Another development in my use of images in teaching was initiated quite by chance. A colleague who was the link person for the TLTP-funded ‘Biodiversity Consortium’ project (Fig. 4 and see the Biodiversity Consortium home page) couldn’t attend a consortium meeting in Nottingham and deputized me to take his place. This project was conceived and funded in response to the perception that the resource base of expertise and knowledge to teach biological diversity within British universities was being seriously eroded. The aim was to produce computer assisted learning (CAL) material that would be suitable for teaching first year undergraduates about the full spectrum of biological diversity. The aim was to encourage ‘experts’ within the academic community to co-author units on their specialist groups. The institutions that signed up to the consortium had to promise nothing more at that time than to use the teaching resource that was developed. At that time (1994), the development of the teaching interface, the ‘Scholars Desktop’, had just been completed together with some of the teaching units, such as Carnivore Diversity (Fig. 4b) and a ‘virtual field trip’ to the Sonoran Desert. These teaching units made extensive use of still images, supplemented with video clips and animations (Fig. 4b-g). I was hooked by the concept! Before being released, all Consortium teaching units were sent out for peer review. Downloadable outlines of the available courseware units can be accessed from either the Biodiversity Consortium or Virtual School of Biodiversity web pages. I immediately thought that the ‘virtual fieldtrip’ concept could be applied to a ‘fungus foray’. Over the next 18 months, my best toadstool images were copied onto compact disk, using the commercial Kodak PhotoCD scanning service. I was introduced to the black art of doctoring pictures in image manipulation programmes such as Adobe Photoshop (Adobe Systems Inc., San Jose, CA, USA), so that the toadstools appeared where and when you wanted them rather than where and when nature decreed! The second phase of TLTP funding to the Consortium was at a reduced level and it was, therefore, decided to put development of the virtual foray on hold. It is still one project that I would like to take up again some time.

Fig. 4 a) Screenshot of the Biodiversity Consortium homepage http://ibis.nott.ac.uk/biodiv/. In the 1990’s the Consortium produced a range of CAL teaching material on subjects ranging from Carnivore (b) to Fungal Diversity (c), as shown in the screen shots that illustrate the common Scholars Desktop Interface and ‘image oriented’ teaching material.
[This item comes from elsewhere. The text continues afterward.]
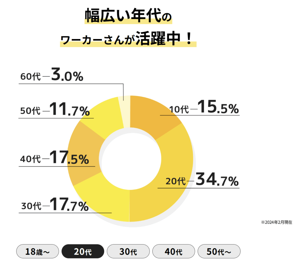 タイミー公式サイトの情報によると、2024年2月時点のタイミー利用者の年代別割合は以下のようになっています。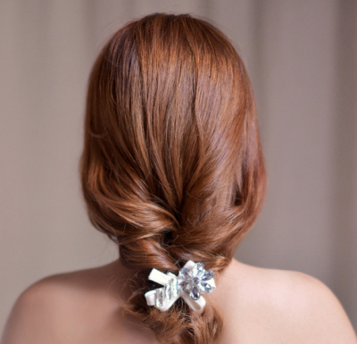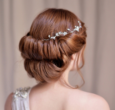 一款优雅而纯洁的新娘盘发,总是给人很圣洁的感觉,同时也展现高贵典雅的新娘气质,把所有的头发都盘起来,在后脑勺弄成一个髻环,搭配小珍珠冠发饰,散发淡淡古典韵味。

The other screen shots show a typical ascomycote life cycle (d) which, when explored, reveals details of ascus formation (e) and structure (f). As well as making extensive use of images many of the units also contain short video clips — such as the expanding mushroom fruiting bodies (g).

However, not allowing ourselves to be discouraged, we did manage to get hold of some additional funds to enable us to develop two generic ‘units’ on Fungal and Plant Diversity. We had already gone some way to developing the former as part of an introductory briefing which fronted the aborted virtual foray. The Fungal Diversity unit (Fig. 4) was developed during a frenetic 6 weeks period at the beginning of 1997. I supplied the rough text and most of the images for the Fungal Diversity unit and Will Trewhella expertly translated them into a pedagogically challenging CAL-based teaching unit. This material is deliberately not textbook-like or encyclopaedic in the way information is presented. Students are frequently posed questions, some of which are answered within the unit whilst others require follow-up reading. The section on the importance of fungi to humans was tackled by means of a stand-alone multiple-choice Quiz. The first version was previewed at the spring meeting of the British Mycological Society held in Nottingham in April 1997. Part of the feedback we received from that meeting led us to add the Oomycota life history to the unit. Subsequently, the Fungal Diversity unit was further developed in conjunction with Kevin Hyde and Welcome Ho at the University of Hong Kong as part of the Virtual School of Biodiversity (VSB) project. The latter organization has largely provided the funding for the ongoing development of this teaching material since the late nineties.

This CAL courseware material was used in Nottingham as part of a completely self-taught second year module on Biodiversity. At Newcastle, we have used the units on Fungal, Prokaryotic and Plant Diversity to supplement our general botany and microbiology courses. We give students worksheets based on the CAL material that they complete and submit in their own time. It has enabled us to introduce the relatively unpopular plant and microbial systematics to undergraduates in a more enjoyable way. However, the distribution, support and use of this excellent resource of teaching material is still the cause of much frustration and must be one of the best kept secrets in British higher education. The Scholars Desktop is currently being adapted for delivery over the Web. It is also hoped that we will soon be able to distribute the ‘Microbial Diversity’ elements (Fungal Diversity, Prokaryote Diversity and Kingdoms and Domains) that were developed in conjunction with the VSB, as a standalone compact disk (CD). Adobe Acrobat (pdf) files outlining the information in these units can be downloaded from the resources section of the VSB website. Details as to pricing and release date can be obtained from Dr Will Trewhella directly (whose details are also available from the same website).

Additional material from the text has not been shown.